§ **EXERCISE GOAL**
Print the data exactly. Pictures stay out.

BEGIN AVAILABLE DATA

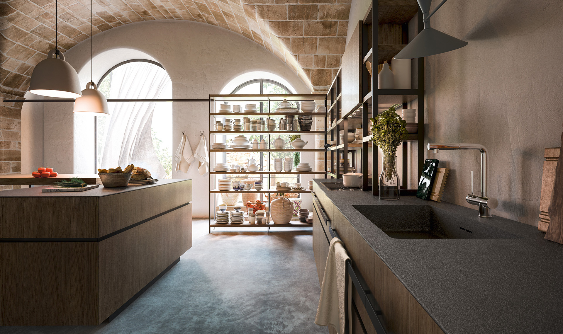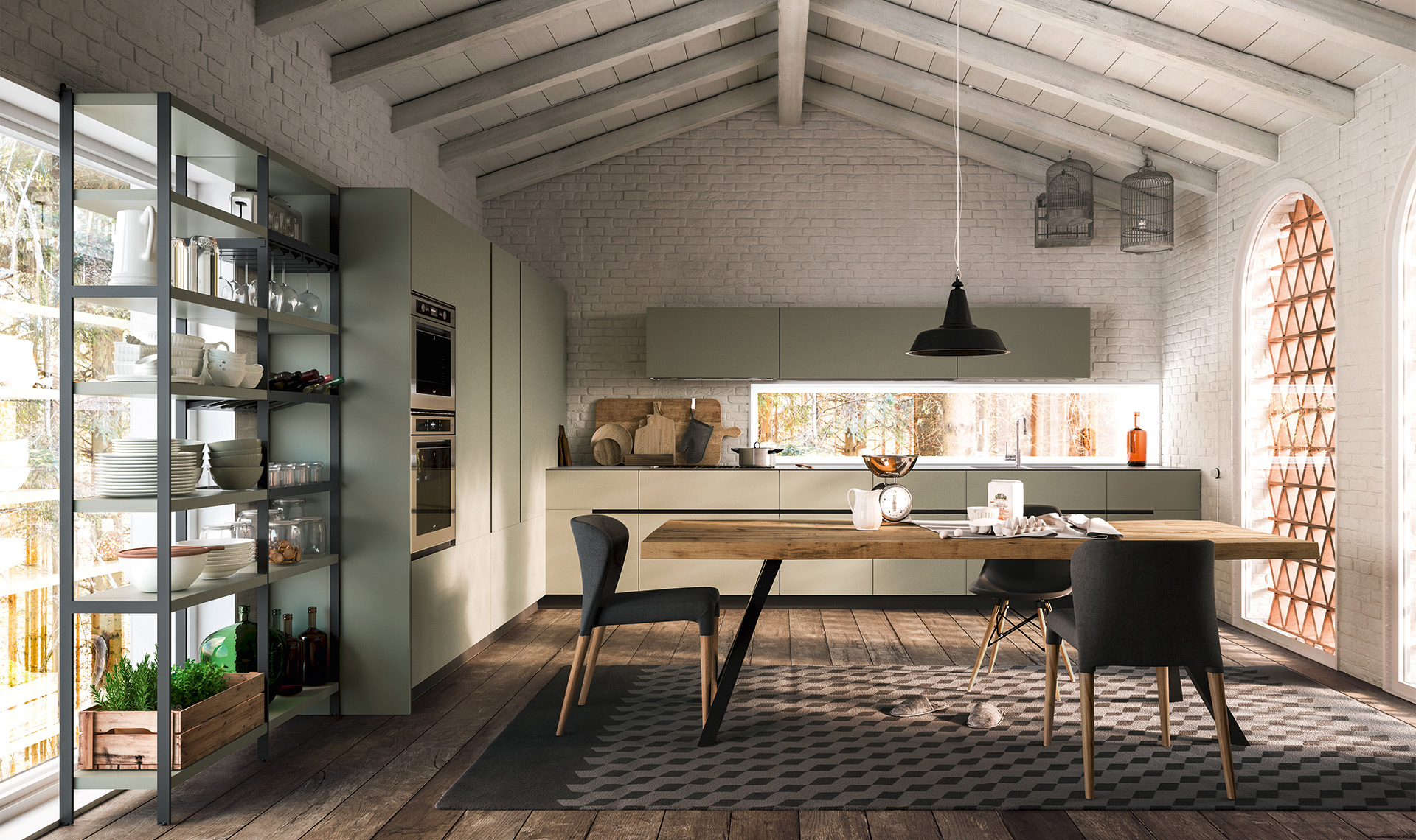 Composizione a “L” in finitura laccato opaco Tè Verde. Il piano della cucina è in pietra del cardoso fiammata spazzolata. La cucina è impreziosita da tre pensili centrati sopra le basi e da una dispensa scaffale con una struttura in color ghisa e dai ripiani laccato opaco Tè Verde. A centro stanza è presente un tavolo Board con il piano in Rovere antico.
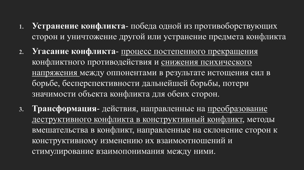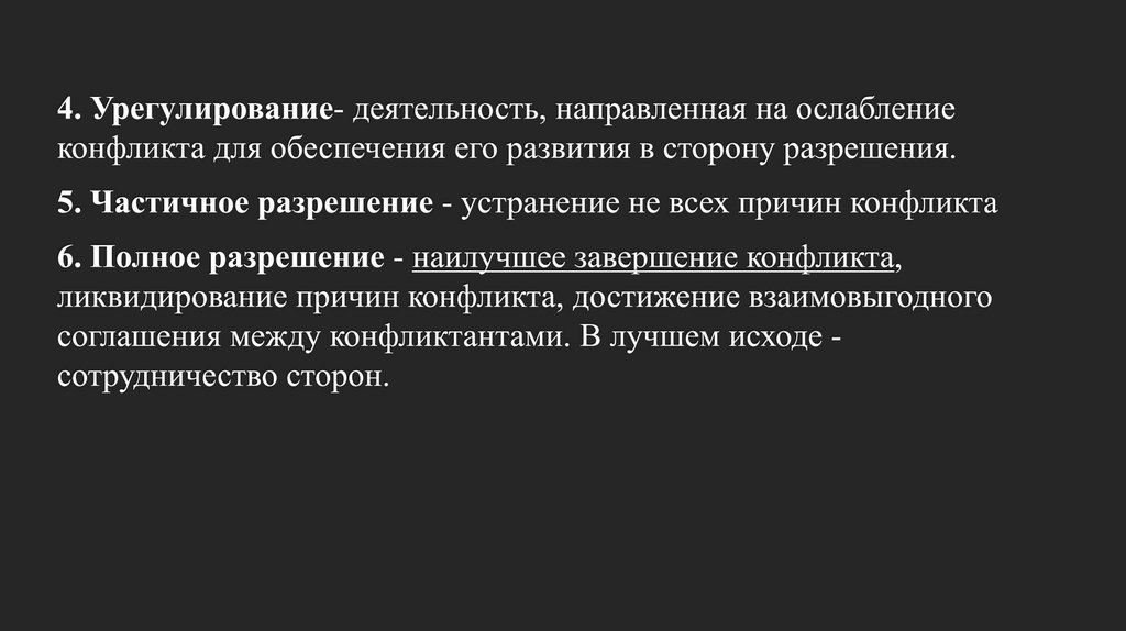 20. 3 стадия. Завершение конфликта. Завершение конфликта — это его окончание или прекращение. Оно может быть следствием достижения
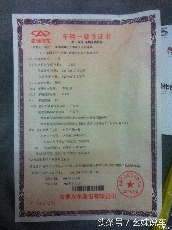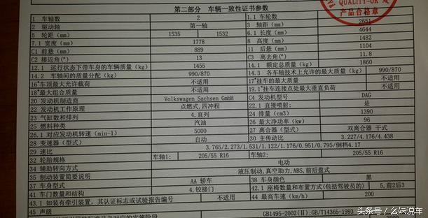 该证书主要是对车辆一致性进行认证的,内容上对车辆的一些技术参数进行定义,车主有心的话买车后对该证书拍张照片留底,对今后的维修保养都有很大帮助。

END AVAILABLE DATA

§ **WRITTEN RESPONSE**
 Composizione a “L” in finitura laccato opaco Tè Verde. Il piano della cucina è in pietra del cardoso fiammata spazzolata. La cucina è impreziosita da tre pensili centrati sopra le basi e da una dispensa scaffale con una struttura in color ghisa e dai ripiani laccato opaco Tè Verde. A centro stanza è presente un tavolo Board con il piano in Rovere antico.
 20. 3 стадия. Завершение конфликта. Завершение конфликта — это его окончание или прекращение. Оно может быть следствием достижения
 该证书主要是对车辆一致性进行认证的,内容上对车辆的一些技术参数进行定义,车主有心的话买车后对该证书拍张照片留底,对今后的维修保养都有很大帮助。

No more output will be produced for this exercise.